Hafıza unutmaz. O, sadece kaydeder. Ama insan zihni bazen o kayda ulaşamaz. Tıpkı bir kütüphanede duran kitabın rafta kalması, ama okuyucunun onu bulamaması gibi. Burada “unutmak”, aslında hafızanın değil zihnin yolunu kaybetmesidir.
Peki bu iyi midir, kötü müdür?
Bazen zihnin erişememesi bir korunmadır. Acı hatıralar, travmalar ya da kaldıramayacağımız yükler bilinçten uzaklaştırılır. Böylece hayat devam eder. Ama bu durum aynı zamanda bir eksikliktir; insan kendi geçmişinin tümüne ulaşamaz. Bu yüzden iyiyle kötü arasındaki çizgi hep biraz bulanık kalır.

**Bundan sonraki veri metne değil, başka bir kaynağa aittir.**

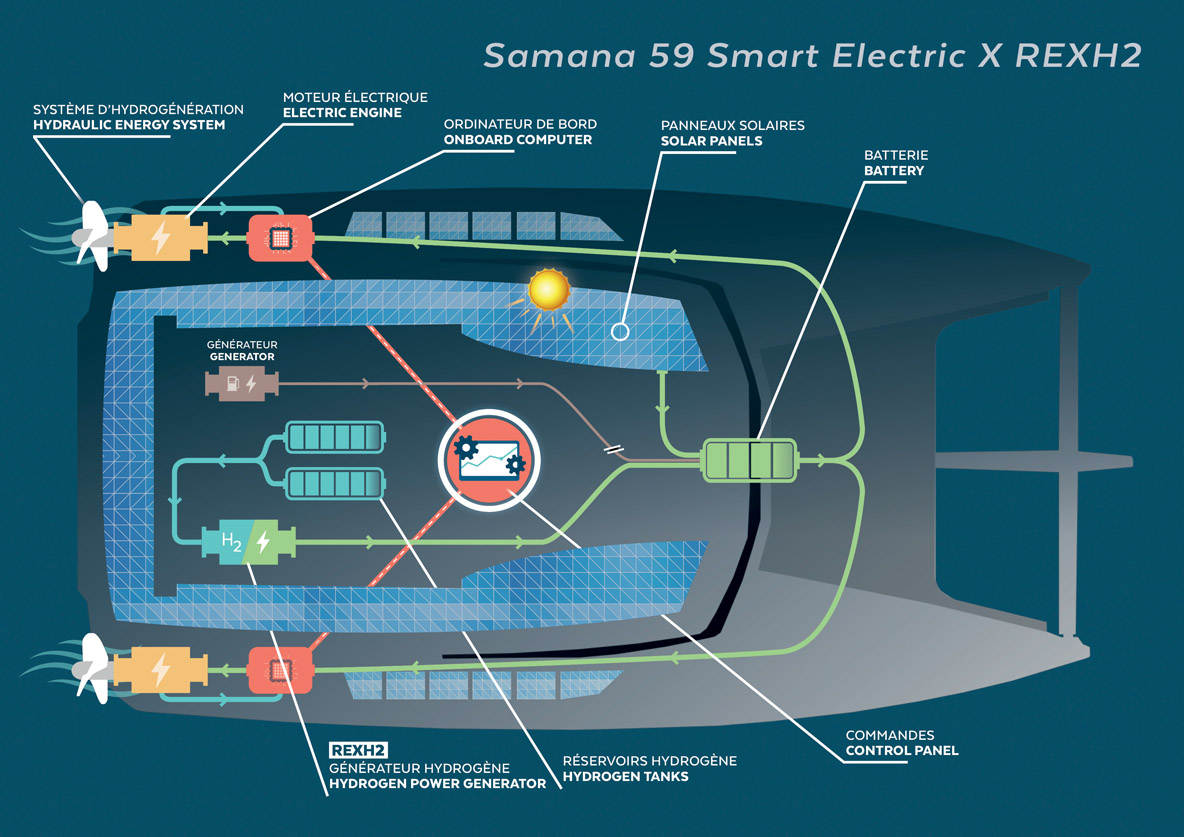 Pour la première fois, un bateau de plaisance équipé d’une pile à combustible est à l’eau ! A partir d’un Samana 59 standard, les équipes de Fountaine Pajot et d’EODev ont mis au point et installé un groupe électro- hydrogène d’une puissance nominale de 70 kW.

Zaman ise bu sürecin görünmez aktörüdür. Onun görevi sadece akmak değildir; bazen unutturmaktır. Aslında unutmak, hayatın devamı için bir gerekliliktir. İnsan her şeyi hatırlayarak yaşayabilir miydi? Belki de zaman, insana yükünü hafifletmek için hafızanın yollarını kapatır.
Sonuçta hafıza kaydeder, zaman unutturur, zihin ise bazen yolunu kaybeder. Biz de hatırlayamadıklarımızın gölgesinde yürürüz. Ama belki de unuttuklarımız sayesinde ayakta kalır, yeni hatıralara yer açarız.
Çünkü hayat sadece hatırladıklarımızla değil, unuttuklarımızladaşekillenir.